Your objective -
Could the data below please be reproduced word for word, without the pictures?

Raw data -
------------------------------------------------------------

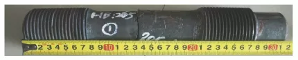 断裂螺栓的整体形貌和断面形貌如图1和图2所示。可见断裂部位在螺栓杆部,断口距端面约130mm。断面平整,呈颗粒状,无塑性变形,为典型的脆性断口。观察螺栓外表面,可见螺纹表面光滑,无凹痕、裂纹、锈蚀、毛刺或其他引起应力集中的缺陷。
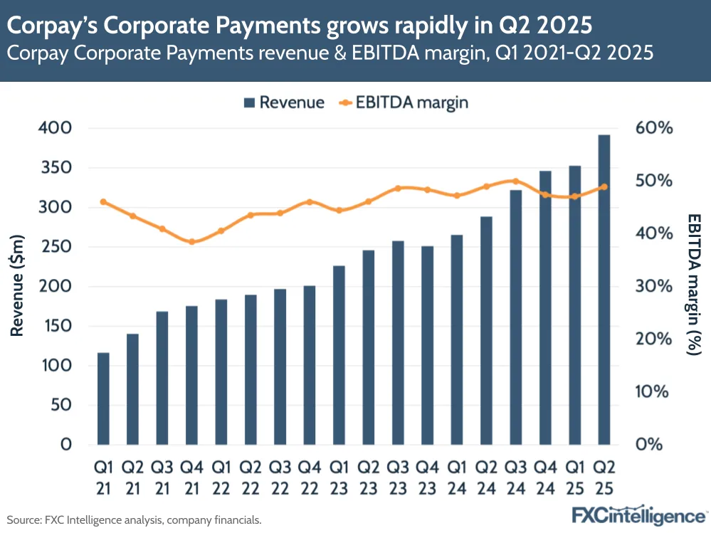 Corporate Payments’ EBITDA rose 36% to give a margin of 49%, flat on last year and just lower than Corpay’s overall EBITDA margin of 52%.
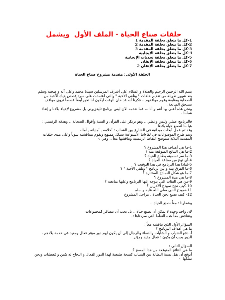 عمرو خالد حلقات صناع الحياه مكتوبه
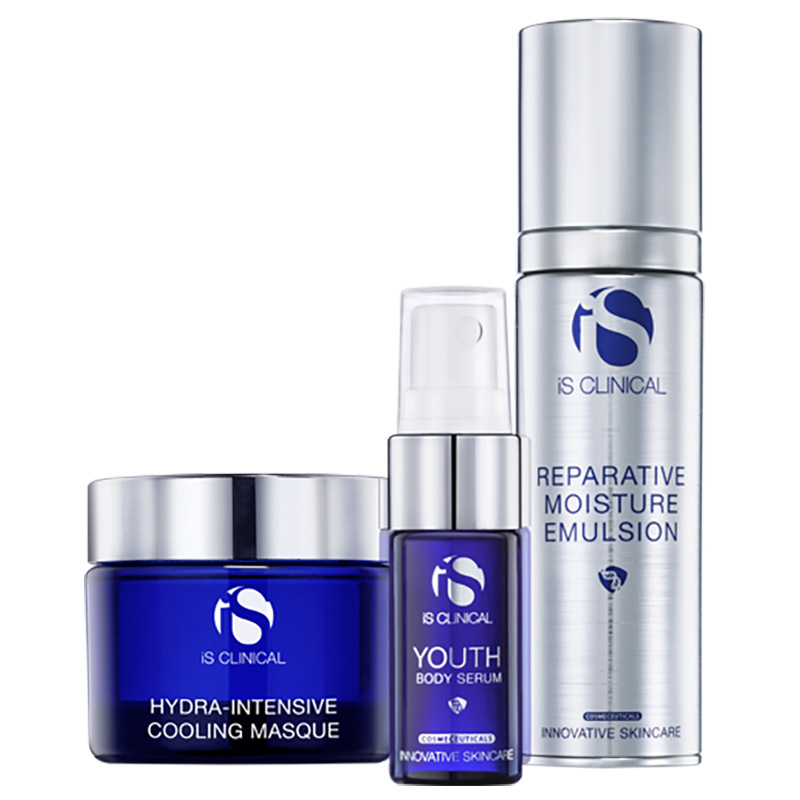 Składowa iS Clinical Youth Body Serum Nawilżające serum do ciała występuje w zestawie Youthful Hydration Collection w zmienionej objętości.

------------------------------------------------------------

Answer to this task -
 断裂螺栓的整体形貌和断面形貌如图1和图2所示。可见断裂部位在螺栓杆部,断口距端面约130mm。断面平整,呈颗粒状,无塑性变形,为典型的脆性断口。观察螺栓外表面,可见螺纹表面光滑,无凹痕、裂纹、锈蚀、毛刺或其他引起应力集中的缺陷。
 Corporate Payments’ EBITDA rose 36% to give a margin of 49%, flat on last year and just lower than Corpay’s overall EBITDA margin of 52%.
 عمرو خالد حلقات صناع الحياه مكتوبه
 Składowa iS Clinical Youth Body Serum Nawilżające serum do ciała występuje w zestawie Youthful Hydration Collection w zmienionej objętości.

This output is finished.